— Что читаешь? — наконец решился я на вопрос.
Царь приоткрыл обложку и показал название.
— «Железный поток», — медленно разобрал я.
— Третий раз мусолю. Дать почитать?
— Не, — сомнительно покачал я головой, глянув на мелкий шрифт. — Не осилить.
— Здесь мало книг, всего пара полок. У нас дома стеллажей было … И в коридоре, и в комнатах.
— Ты давно в приемнике?
— С прошлого года. Путевки в детдома приходят редко, и то сперва старших усылают. Нам здесь припухать долго.
— Мы в школу пойдем или прямо здесь будем учиться? — вступил в разговор Толик.
— В приемниках не учат, только в детдомах учат … Толик, ты в школу ходил?
— Да, год. Но читаю плохо. Снова пойду в первый класс.
— Зачем же в первый?
— Только в первом читать учат. И уроков задают мало.
— Я в четвертый пойду, — сказал Царь.
— И зря, — заключил Толик. — Будешь уроки зубрить весь день. Поиграть некогда. Учиться, так снова в первом.

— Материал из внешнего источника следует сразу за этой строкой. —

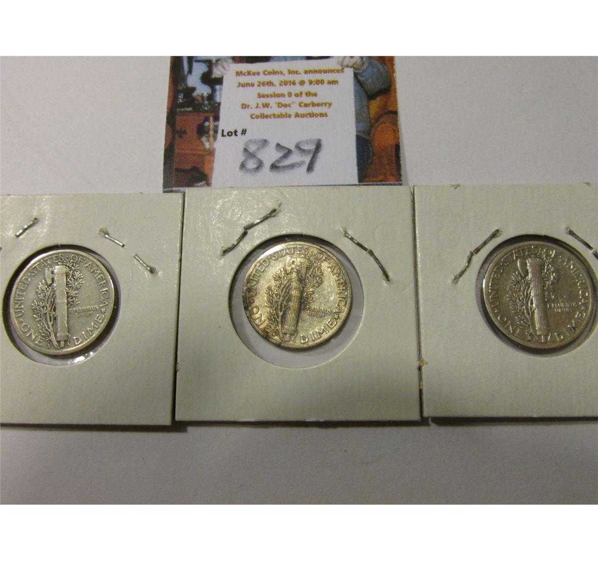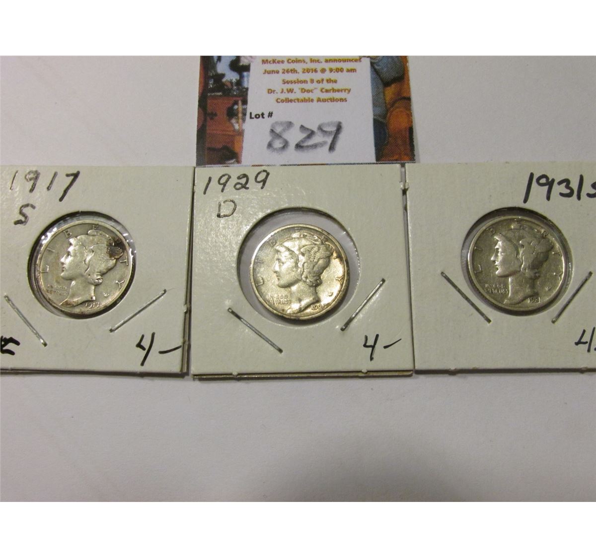 1917 S Fine, 29 D Fine, & 31 S VG-F Mercury Dimes.
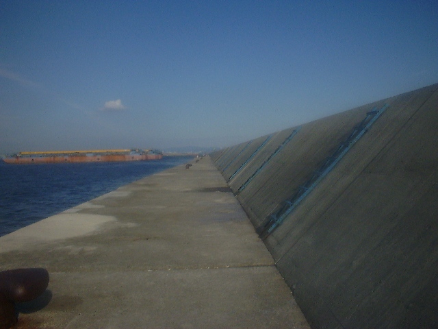 鉄は熱いうちに打てって言うし~、やっぱもうちょっと大きいの釣りたいし~、と自分に言い訳しながら、今度は通称ムコイチこと武庫川尻一文字防波堤です。
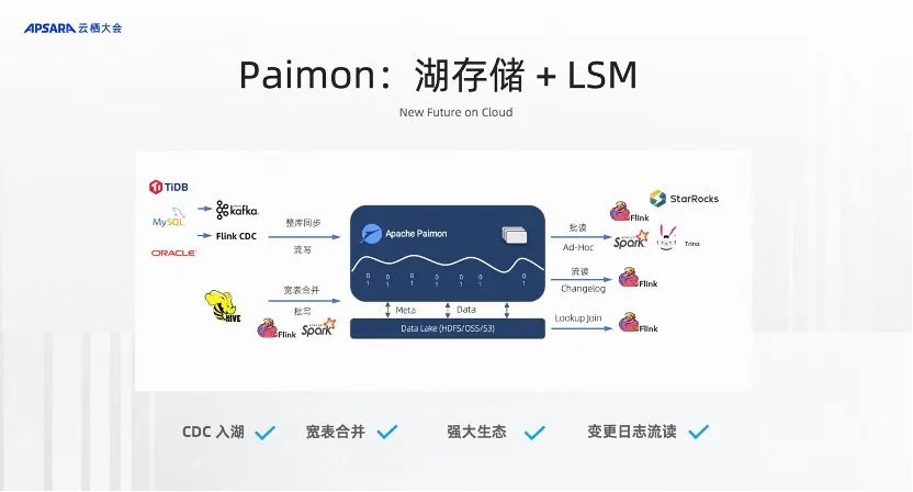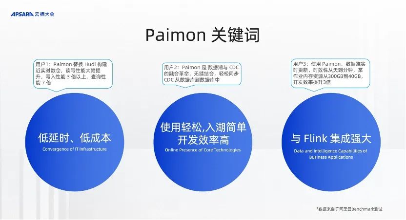 第一,低延时、低成本的流式数据湖。如果你有用过 Hudi,我们希望你替换到 Paimon 之后以 1/3 的资源来运行它。
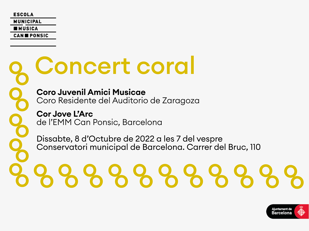 El proper dissabte 8 d'octubre el Cor Jove de l'escola i el Cor juvenil Amici Musicae de Saragossa faran un concert conjunt a les 7 del vespre al Conservatori Municipal de Música de Barcelona (C/ Bruc 110).
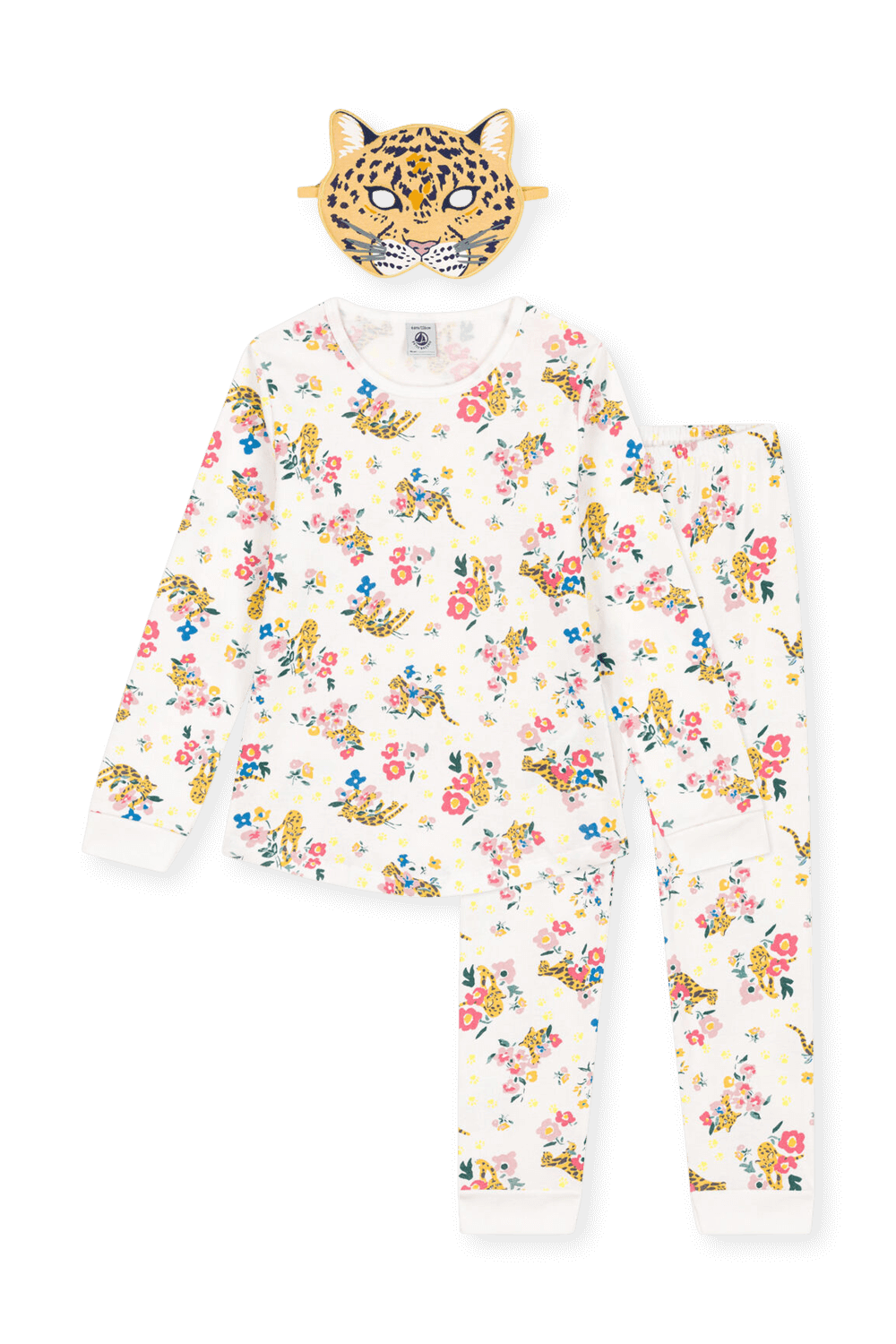 פיג'מה מבית Petit Bateau, עשויה כותנה בצבע לבן ובהדפס פרחים ונמרים. הסט כולל חולצת טי ארוכה עם צווארון מעוגל, בשילוב מכנסי ג'וג עם חגורת מותניים אלסטית ומסכת עיניים בדמות נמר הניתנת להתאמה על ידי אבזם. הסט הייחודי מאיר בחשיפה לחושך באורות זוהרים, כשניתן לקבל אפקט מקסימלי בחשיפה קודמת לאור.
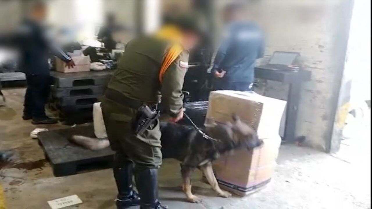En otro operativo, el canino Omero detectó tres cajas en un centro de acopio de paquetes en la comuna 16 de Belén.
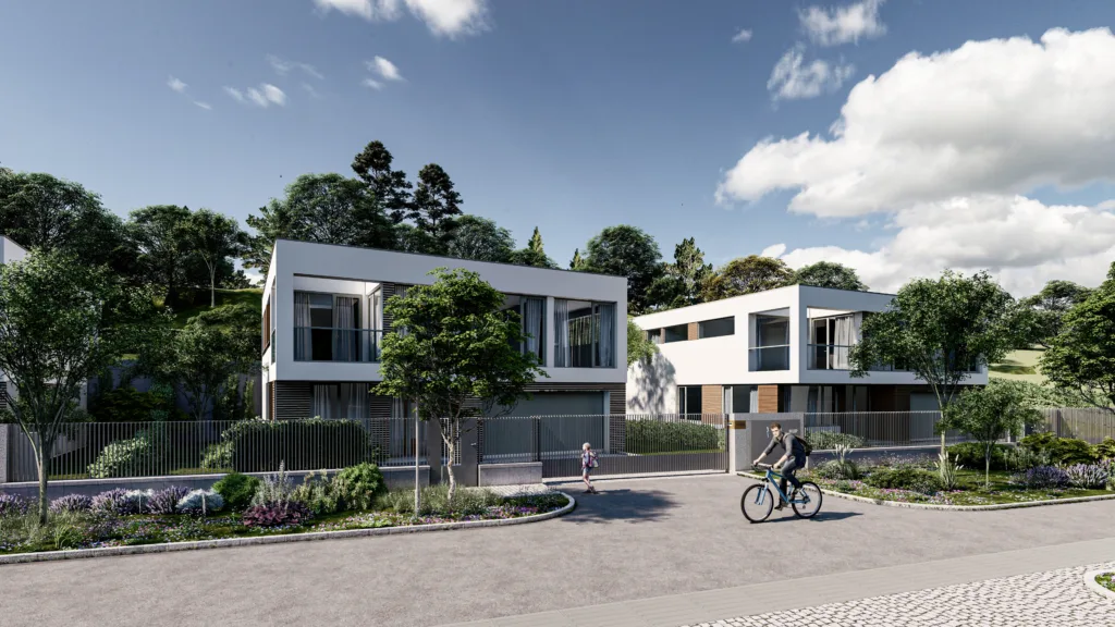 Přepychové vily sousedící přímo s lesem, jen pár minut chůze do města, přitom v klidné lokalitě. Takové luxusní bydlení na vás čeká v Řevnicích.
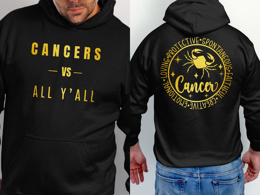 Cancers Vs All Y'all Motivational T-Shirt or Hoodie, Horoscope. Zodiac, Star Sign, Unique Birthday Gift, Gift for him, Gift for her
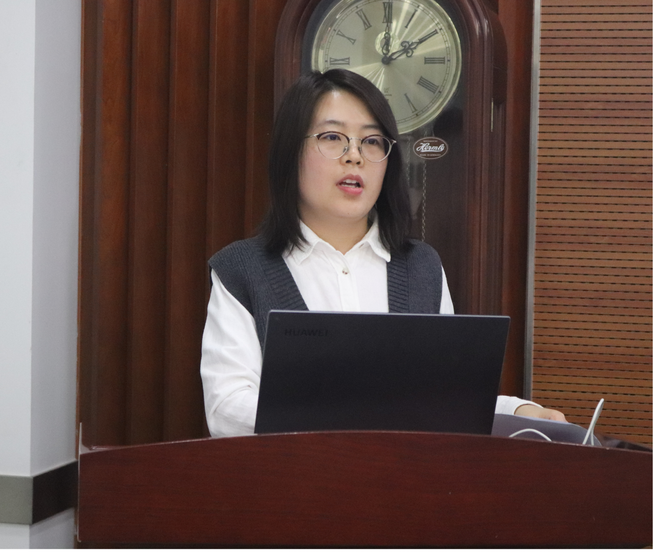 实验技术与行政教师党支部书记孙一娜老师从支部基本情况与支部职能发挥情况等方面阐述了本支部2023年的工作情况。学院党委副书记殷实老师对支部书记孙一娜老师的工作表示认可,希望党支部继续围绕规范化操作的基础去开展活动,向外拓展服务面,服务性的窗口,发挥组织的引领作用。
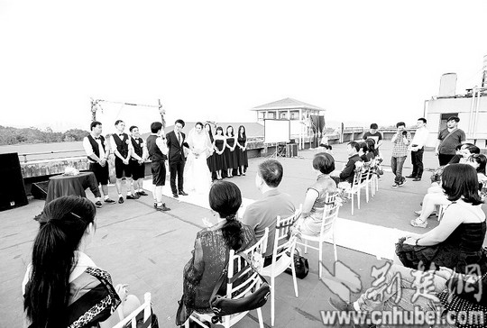 6日下午五点半,武汉大学枫园某栋学生宿舍的天台上,简易的舞台布置妥当,新郎带着伴郎跳起欢快的《小苹果》,开始了这场婚礼仪式。
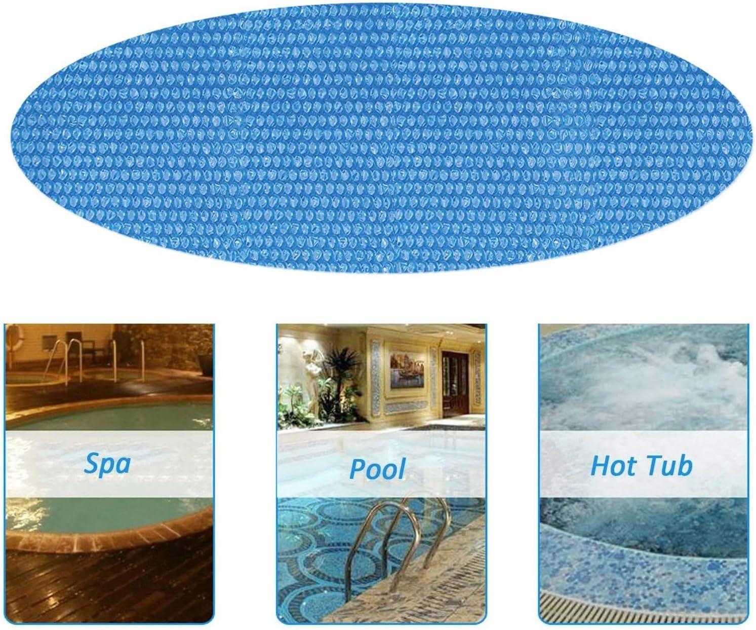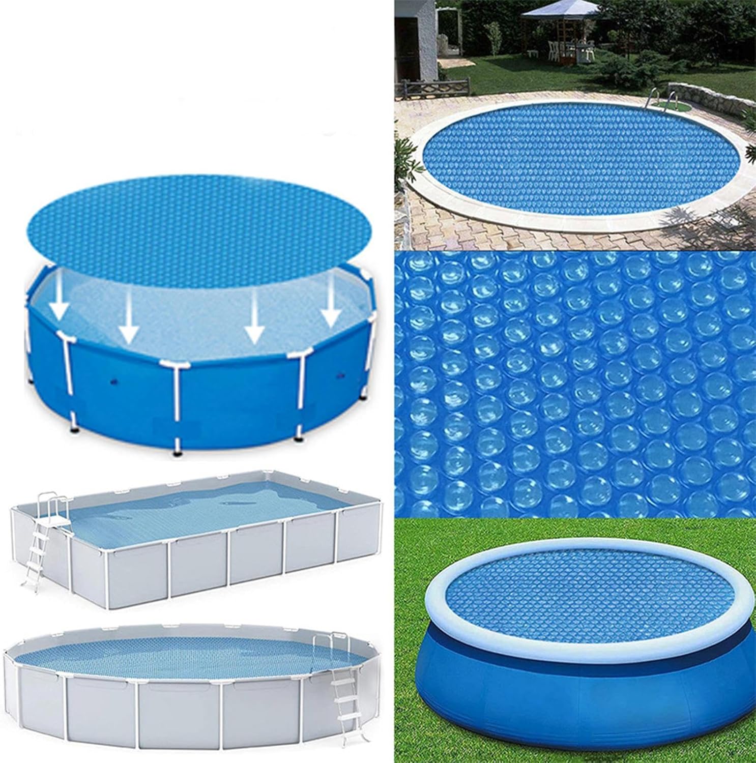Risparmia acqua e denaro: con questa copertura a bolle per piscina, puoi evitare di sprecare acqua e ridurre l'evaporazione 'acqua della piscina del 95%, quindi non è necessario ricaricare ogni nuotata. Ampiamente applicabile: mantieni una piscina pulita e calda: questa copertura solare per piscina tiene lontane foglie, polvere e altre particelle che possono inquinare l'acqua della piscina. Aiuta anche a trattenere il calore e prevenire la perdita d'acqua, risparmiando energia e denaro. È adatto a qualsiasi superficie della piscina, indipendentemente dalla forma o dalle dimensioni. Forma flessibile: taglia liberamente questa copertura solare per piscina per adattarla alla forma della tua piscina. Manterrà la tua piscina pulita e calda indipendentemente da come la tagli. Prestazioni termiche: mantieni la tua piscina calda e accogliente con questa copertura solare per piscina. È realizzato con membrane a bolle blu che mantengono la temperatura della piscina in estate e in inverno, essendo più sicure e rispettose 'ambiente. Materiale sicuro: questa copertura solare per piscina ti aiuta a mantenere la tua piscina calda e confortevole intrappolando il calore del sole. È realizzato in resistente materiale a bolle d'aria in PE che può resistere ai raggi UV e all'usura. Questa copertura è perfetta per godersi la piscina tutto l'anno.
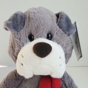Aurora Lopsie Lulu Benjamin the Dog Plush w/Scarf. Grey, Wht, Red Holiday

Оторвались первые сутки приемнитской жизни. Сколько их скопилось там, в неоглядной дали?
4
Приобщение
Закрутилась толчея дней, затренькала возжеланными звонками на завтрак, обед и ужин. Я часто заглядывал к малышам. Брат и сестра незаметно приспосабливались к новой обстановке, свыкались с незнакомыми лицами, играли и пели, как в прежнюю детсадовскую пору.
Мы не говорили ни о маме, ни о детдоме, приняв случившееся как принимали до сих пор все: кротко, без капризов.
Довольный тем, что опекать брата и сестру не нужно, ненадолго забывал о своих бедах и я. До первого наскока или окрика. А они сыпались непрестанно. «Жидик, Жиденок, Абхгаша, Фитиль…», — то и дело бросал кто-нибудь мне в лицо оскорбительно и угрожающе. Агрессивность и неприязнь нарастали. В разновозрастной, пестрой мешанине мальчишек только мне не находилось места. А возможно, это только казалось.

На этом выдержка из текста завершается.